Exercise: The answer is the full listing below, copied exactly, with its pictures omitted.

Available data:
*** Begin section ***

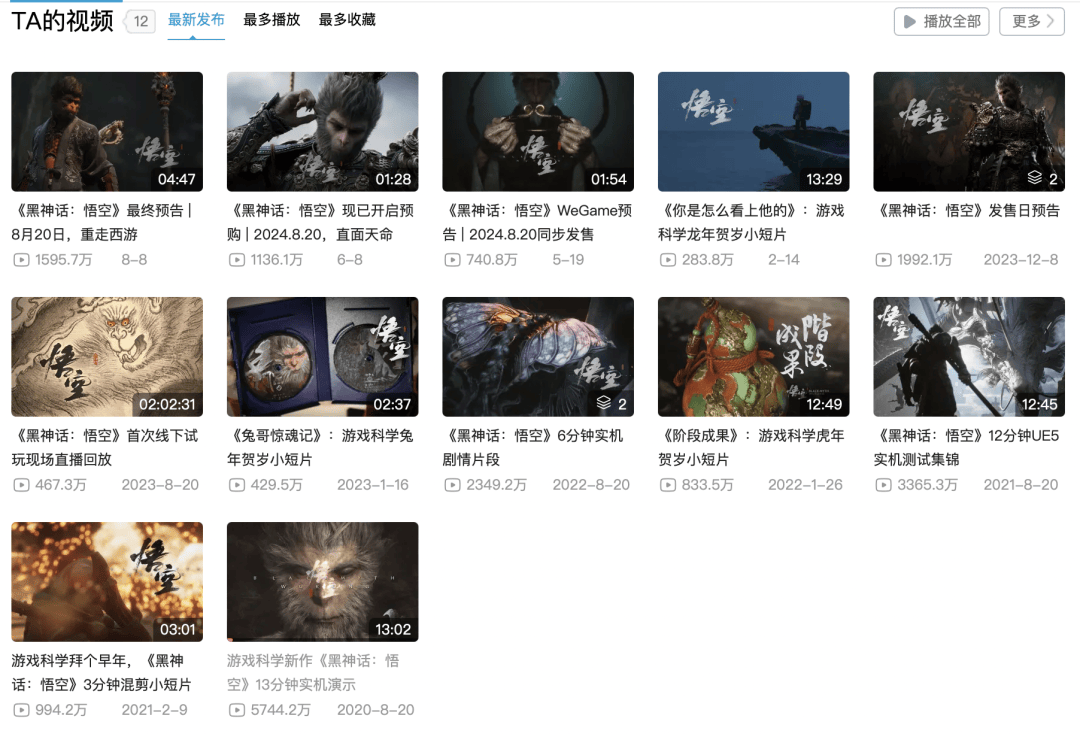 其实在2020年,《黑神话:悟空》发布的第一支视频就是从B站率先爆发,2小时冲至B站热门第一,24小时播放量破千万,之后蔓延到其他平台,成为全网热门。在此后的宣传思路上,B站便成了《黑神话:悟空》的重点平台,无论是每年的视频预告、还是线下试玩的独家直播,背后都绕不开B站。
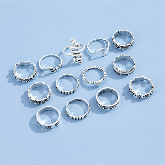 Flower Love Geometric Ring Joint Ring Thirteen Piece Set
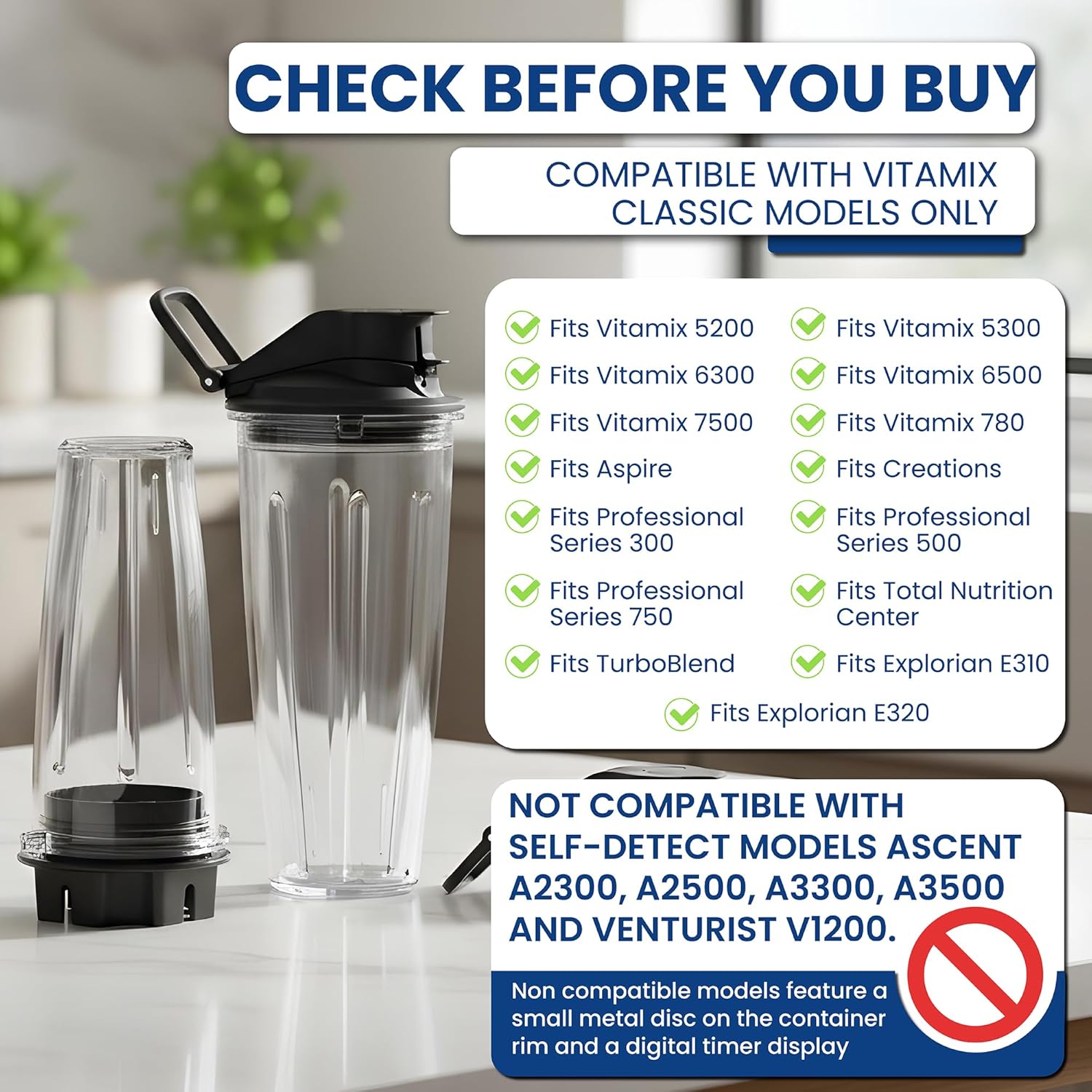 NOT COMPATIBLE WITH SELF-DETECT MODELS: Not compatible with Vitamix Ascent or Venturist Self-Detect blenders. These models require chip-enabled containers; this adapter and cups do not include a chip, so the blender will not run. These models can also be identified by a small metal disc on the container rim and usually have a digital timer display on the base.

*** End section ***

Task result:
 其实在2020年,《黑神话:悟空》发布的第一支视频就是从B站率先爆发,2小时冲至B站热门第一,24小时播放量破千万,之后蔓延到其他平台,成为全网热门。在此后的宣传思路上,B站便成了《黑神话:悟空》的重点平台,无论是每年的视频预告、还是线下试玩的独家直播,背后都绕不开B站。
 Flower Love Geometric Ring Joint Ring Thirteen Piece Set
 NOT COMPATIBLE WITH SELF-DETECT MODELS: Not compatible with Vitamix Ascent or Venturist Self-Detect blenders. These models require chip-enabled containers; this adapter and cups do not include a chip, so the blender will not run. These models can also be identified by a small metal disc on the container rim and usually have a digital timer display on the base.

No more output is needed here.